Bei seinem Besuch übergab Klaus-Peter Willsch 80 Schutzanzüge an das St. Vincenz-Krankenhaus als kleines Zeichen der Anerkennung und Unterstützung. Willsch, die CDU-Landtagsabgeordneten Joachim Veyhelmann und  Andreas Hofmeister sowie Bürgermeisterkandidat Stefan Laux hatten Anfang der Woche die Klinik besucht. Von Vincenz-Geschäftsführer Guido Wernert erfuhren sie im persönlichen Austausch, welche Zwischenbilanz er aus den vergangenen Wochen zieht und welche Perspektiven sich hieraus ergeben.

Zwischenbilanz und Ausblick in Corona-Zeiten

„Corona ist noch nicht vorbei“, mahnte CDU-Bundestagsabgeordneter Klaus-Peter Willsch beim Besuch im St. Vincenz-Krankenhaus in Limburg. „Das St. Vincenz ist für die Menschen in Limburg und der gesamten Region von hoher Bedeutung. Ich weiß die Arbeit der rund 1.850 Mitarbeiter:innen zu schätzen.
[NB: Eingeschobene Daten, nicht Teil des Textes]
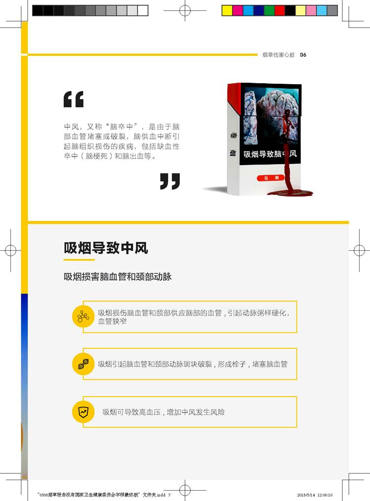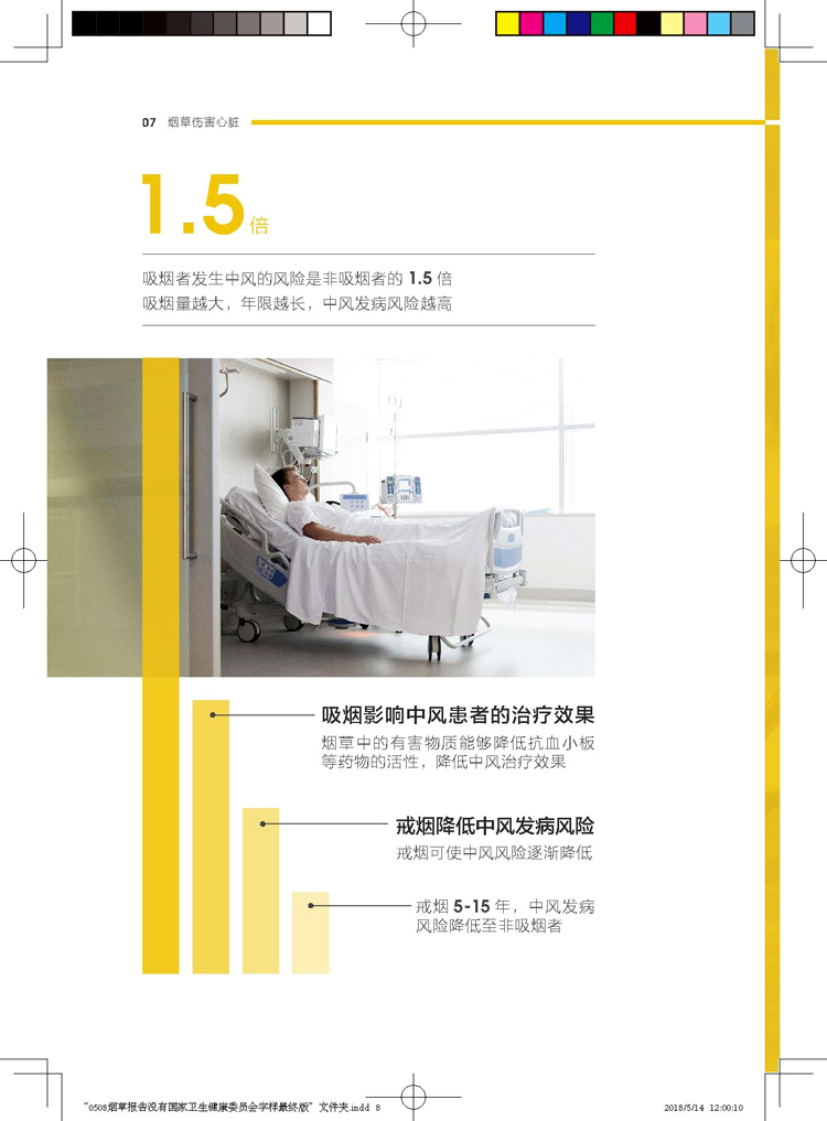 核心信息三:吸烟可以导致脑血管和颈部动脉损害,增加中风的风险;吸烟者发生中风的风险是非吸烟者的1.5倍。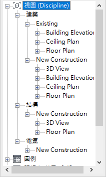 依預設,專案瀏覽器將顯示所有視圖 (依視圖類型)、所有圖紙 (依圖紙號碼及圖紙名稱) 和所有明細表和數量 (依名稱)。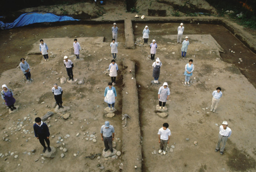 人が建っている場所が礎石が確認された箇所です。お約束の人柱。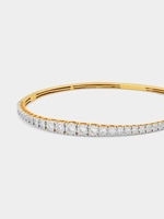 Expertly crafted in 9ct Yellow Gold, this beautiful bangle features a glittering voyage of graduated full-cut Diamonds. The total Diamond weight is 1 carat.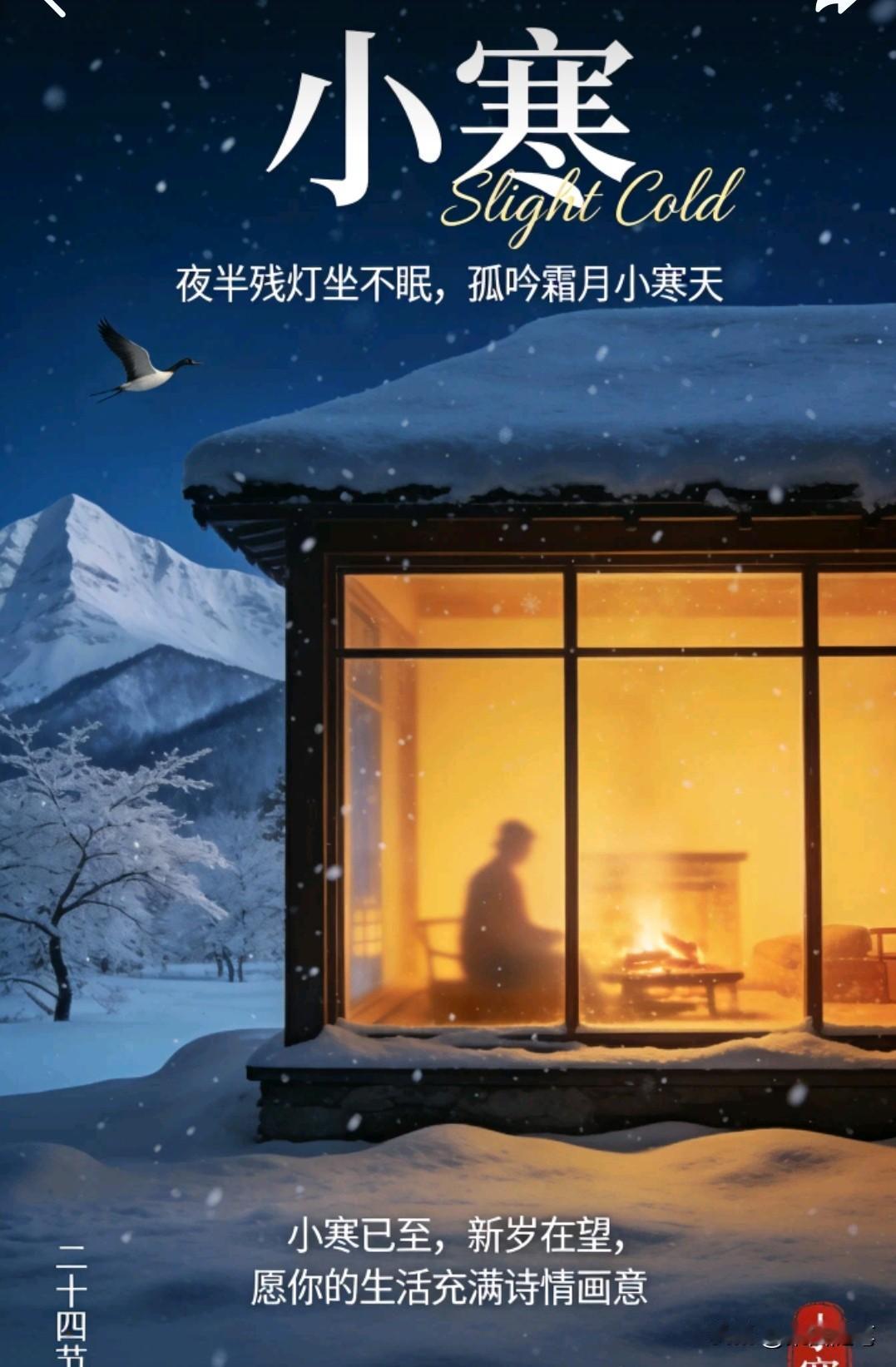 夜半残灯坐不眠,孤灯霜月小寒天。今日小寒! 灯花瘦成故人影,霜月沁透旧窗纱。更漏沉时寒凝指,坐久浑忘身是客,寂静成画。 问寒夜:能赊三分暖?夜不语,只将星子熬成冰屑,撒向无涯。问孤灯:可映当年颜?焰微颤,忽忆母亲补衣影,针脚细如初雪痕,转身回眸,不赏泪如雨下。 霜色爬上宣纸,洇开戊寅年冬。父亲呵冻研墨,写“人间有味”;小妹偷藏笔头,画灶猫戏雪。墨香混着粥沸的咕嘟,熏暖了整个童年,如今犹传佳话。 忽有笛声裂冻云,是邻家《梅花三弄》?不,是青春那头,你折竹为笛,吹破雪夜的莽撞。笛孔漏出的月光,至今还在骨髓里,作响沙沙。 最寒处,生暖意:譬如灶膛余烬暗红,譬如别时你塞来的,尚带体温的馍,譬如此刻,霜月正为万千离人,缝制思乡的锦袍,庇护千户万家。 檐角冰锥忽断,叮——敲响子时禅。恍见祖母推门入,发沾雪,怀揣新烤的薯:“寒极则春生呀…”话音落,满室漾开槐花汛,草发新芽。 起身拨灯芯,爆出两朵并蒂花,原是早年埋下的相思籽经廿载霜雪,终在寒极之夜,绽开无声,思念到天涯。 推窗见:十万琼枝皆低眉,三千屋瓦俱素心。天地正在完成一场,最庄严的收鞘——收刀入鞘时,万物温柔,貌美如花。 远村鸡鸣啄冻云,晨光始分娩。雪地脚印一行,歪斜如童蒙字迹,写着亘古诗篇:今日小寒,宜怀旧,宜念远。宜将未尽长夜,煨作明朝,檐下第一滴,报春的钟乳石。 (图片AI制作来自网络) 小寒 分享今日的感悟 分享每天的感悟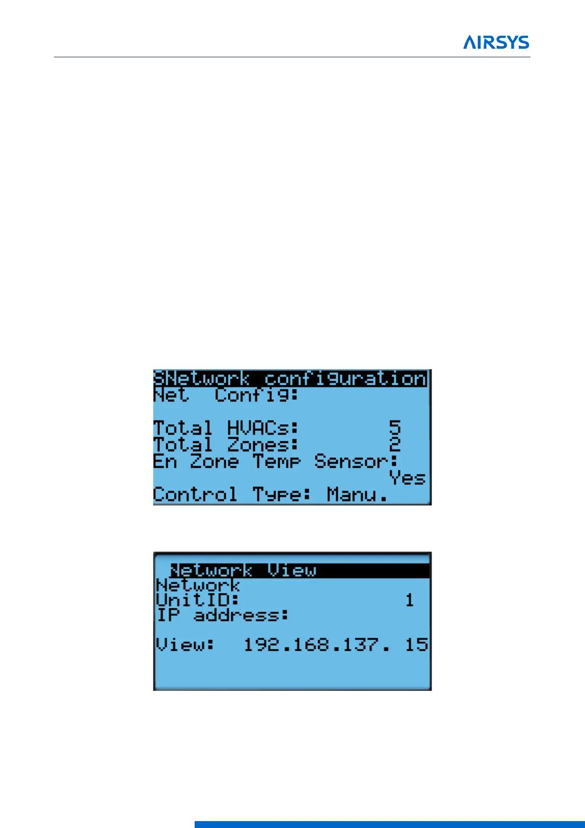 • IP address of all connected HVAC units (Press Enter and use the Up and Down buttons to cycle through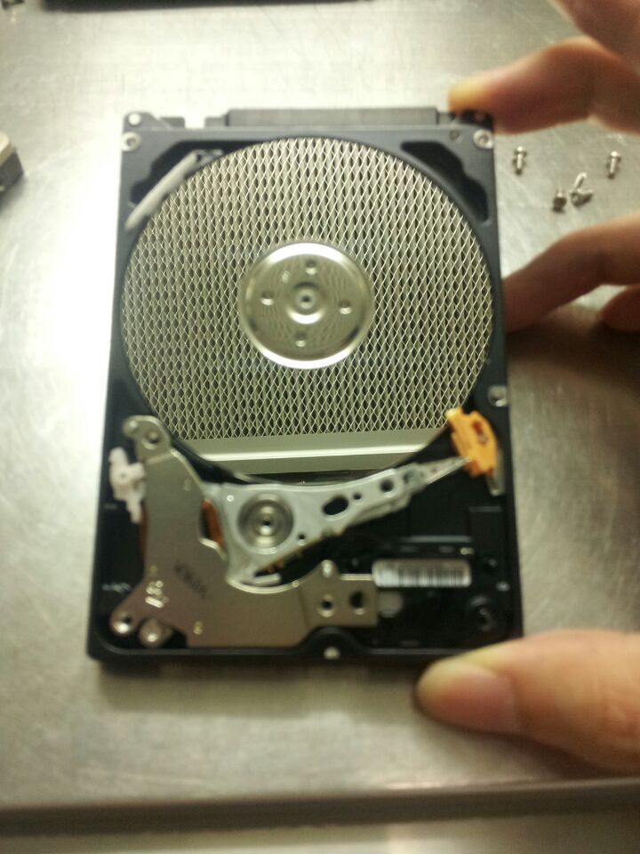| 檢測結(jié)果 | 拿到客戶的移動硬盤后,我們直接開盤使用顯微鏡觀察,移動硬盤是500GB的,有兩個碟片,四個面,有兩個面嚴重劃傷,一個面輕微劃傷,還有一個面沒有損傷,初步評估還可以恢復(fù)50%的數(shù)據(jù)。 |

Ich habe insbesondere zu Zeiten der Corona-Pandemie großen Respekt vor der Leistungsfähigkeit unseres Gesundheitssystems“, so Willsch. Aufgrund einer großzügigen Spende der Taiwanesischen Regierung könne er nun als kleines Zeichen der Anerkennung und der Unterstützung die Corona-Schutzanzüge übergeben. Besonderer Dank für diese Geste der Solidarität gelte dem taiwanesischen Botschafter  Prof. Dr. Shieh, erklärt der Bundestagsabgeordnete. Guido Wernert, Geschäftsführer der Krankenhausgesellschaft, dankte für diese aufmerksame Geste. „Auch wenn derzeit keine Coronafälle im Haus behandelt werden, ist es wichtig, auf eine bevorstehende zweite Welle vorbereitet zu sein. Im Angesicht der immer noch sehr hohen Preise für Schutzausrüstung, freuen wir uns besonders über diese Spende“, so Wernert.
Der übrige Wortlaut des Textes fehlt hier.